The problem
In the copy of the lines below, leave out pictures and print everything else exactly.

Source data

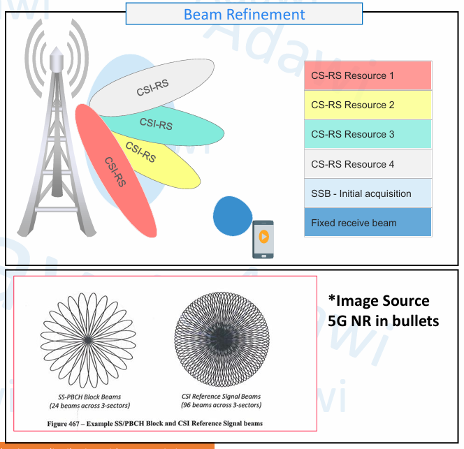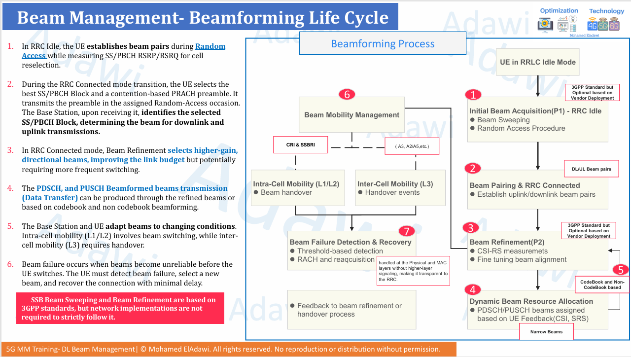 - 5G beam management starts with SSB-based initial acquisition, then moves to beam pairing, CSI-RS refinement, and finally traffic beam allocation.
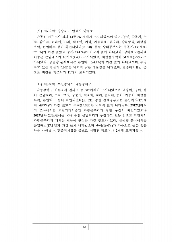 43 사 제7지역경상북도 안동시 안동호 안동호 어류조사 결과 14종 363개체가 조사되었으며 잉어, 붕어, 참몰개, 누 치, 참마자, 피라미, 끄리, 백조어, 치리, 기름종개, 동자개, 갈문망둑, 파랑볼 우럭, 큰입배스 등이 확인되었다 표 20 종별 상대풍부도는 참몰개 136개체, 37.5% 가 가장 높았고 누치 23.4.% 가 비교적 높게 나타났다. 생태계교란외래 어종은 큰입배스가 16개체 4.4% 조사되었고, 파랑볼우럭이 31개체 8.5% 조 사되었다. 생물량 분석에서는 큰입배스 24.4% 가 가장 높게 나타났으며, 우점 하고 있는 참몰개 5.6% 는 비교적 낮은 생물량을 나타냈다. 멸종위기Ⅱ급 종 으로 지정된 백조어가 11개체 포획되었다. 아 제8지역부산광역시 낙동강하구 낙동강하구 어류조사 결과 15종...
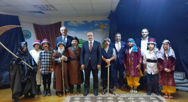 Şehitler İmam Hatip Ortaokulu tarafından sahnelenen Deli Dumrul oyununun ardından öğrencileri tebrik eden Vali Cüneyt Epcim ve Rahmi Güney öğrencilerle hatıra fotoğrafı çekildiler.

Your response
 - 5G beam management starts with SSB-based initial acquisition, then moves to beam pairing, CSI-RS refinement, and finally traffic beam allocation.
 43 사 제7지역경상북도 안동시 안동호 안동호 어류조사 결과 14종 363개체가 조사되었으며 잉어, 붕어, 참몰개, 누 치, 참마자, 피라미, 끄리, 백조어, 치리, 기름종개, 동자개, 갈문망둑, 파랑볼 우럭, 큰입배스 등이 확인되었다 표 20 종별 상대풍부도는 참몰개 136개체, 37.5% 가 가장 높았고 누치 23.4.% 가 비교적 높게 나타났다. 생태계교란외래 어종은 큰입배스가 16개체 4.4% 조사되었고, 파랑볼우럭이 31개체 8.5% 조 사되었다. 생물량 분석에서는 큰입배스 24.4% 가 가장 높게 나타났으며, 우점 하고 있는 참몰개 5.6% 는 비교적 낮은 생물량을 나타냈다. 멸종위기Ⅱ급 종 으로 지정된 백조어가 11개체 포획되었다. 아 제8지역부산광역시 낙동강하구 낙동강하구 어류조사 결과 15종...
 Şehitler İmam Hatip Ortaokulu tarafından sahnelenen Deli Dumrul oyununun ardından öğrencileri tebrik eden Vali Cüneyt Epcim ve Rahmi Güney öğrencilerle hatıra fotoğrafı çekildiler.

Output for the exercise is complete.